Sangre en Filipinas (1943)


En contadas ocasiones el cine bélico ha concedido el protagonismo absoluto a personajes femeninos, sin embargo Sangre en Filipinas (So Proudly We Hail, 1943) es una espléndida excepción que está protagonizada por tres actrices de primer orden: Claudette Colbert, Paulette Goddard y Veronica Lake. La película realizada por Mark Sandrich recrea la experiencia vivida por un grupo de enfermeras durante la invasión japonesa de las islas Filipinas en 1942 y, para conferirle mayor veracidad y exactitud, Allan Scott, responsable del guión de esta producción de propaganda bélica rodada durante la contienda, entrevistó a las supervivientes de los hechos reales que, en la pantalla, se presentan a partir de los recuerdos de varias voluntarias del cuerpo de enfermeras de la armada, a quienes se descubre sobre la cubierta del navío que las devuelve a los Estados Unidos tras su dura vivencia en suelo filipino. Desde sus palabras se accede a su estancia en el archipiélago asiático donde se convierten en el centro exclusivo de lo expuesto por Sandrich, un cineasta que 
llevaba el ritmo narrativo y musical en la “sangre”, como demostró, sobre todo, en las películas que protagonizaron Fred Astaire y Ginger Rogers, comedias musicales de gran éxito como La alegre divorciada (The Gay Divorce, 1934), Sombrero de copa (Top Hat, 1934) o Sigamos la flota (Follow the Fleet, 1936).
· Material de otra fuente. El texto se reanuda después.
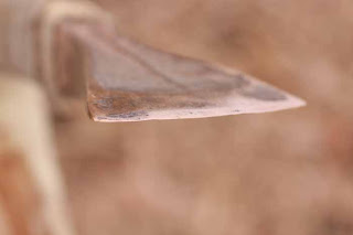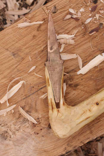This shows how the end of the wood stops short of the cut away in the palstave, if it touches the head seems to bounce loose.

Pero en esta producción Sandrich se desmarcó del género que le dio fama y realizó un destacado retrato de la caída de Filipinas a través de la trágica experiencia vivida por este grupo de mujeres a quienes se ensalza en su entrega y sacrificio.


L
os primeros compases de la película presentan sus personalidades y las relaciones personales que se desarrollan dentro del entorno bélico que las aparta de la rutina y la seguridad que han dejado atrás. Su nueva situación las obliga a asumir responsabilidades que no se habrían planteado cuando se ofrecieron voluntarias, pero también les ofrece la oportunidad para demostrar su valía mientras se producen las relaciones amorosas como la que surge entre el teniente John Summers (George Reeves) y la teniente Janet "Davy" Davidson (Claudette Colbert), a quien en el presente se descubre en un estado de hundimiento psicológico que encuentra su explicación a lo largo del flashback que ocupa la mayor parte del metraje. Los primeros recuerdos trasladan la acción al buque en el que viajan rumbo a Pearl Harbor, poco antes del inesperado bombardeo que provoca entre otras cuestiones el cambio de rumbo y su llegada a Filipinas, donde las tropas japonesas avanzan sembrando el suelo de cadáveres y heridos que reciben las atenciones de unas enfermeras que intentan superar las dificultades profesionales y personales que se presentan mientras las tropas norteamericanas retroceden ante la contundencia del invasor. A parte de mostrar la situación bélica en lugares como Batan o Corregidor, Sangre en Filipinas nunca deja de profundizar en la intimidad de las protagonistas, a quienes se observa desde una perspectiva romántica que sirve para desarrollar los sentimientos de "Davy" o los que se descubren en la teniente Joan O'Doul (Paulette Goddard); pero también aquellos que marcan el comportamiento de la teniente Olivia D'Arcy (Veronica Lake), inicialmente aislada del resto como consecuencia de la trágica experiencia que ha fomentado su odio hacia los japoneses y creado su distanciamiento con el resto de sus compañeras. Lo expuesto por Mark Sandrich cumplió con su fin propagandístico sin perjudicar su intención de dotar de entidad y fortaleza a personajes atípicos dentro de las producciones bélicas de la época, pues estos no son soldados sino mujeres que, desde el coraje que habita en ellas, asumen su lucha diaria dentro de un entorno que las amenaza y las obliga a superar las numerosas trabas externas e internas que las afectan y provocan su maduración.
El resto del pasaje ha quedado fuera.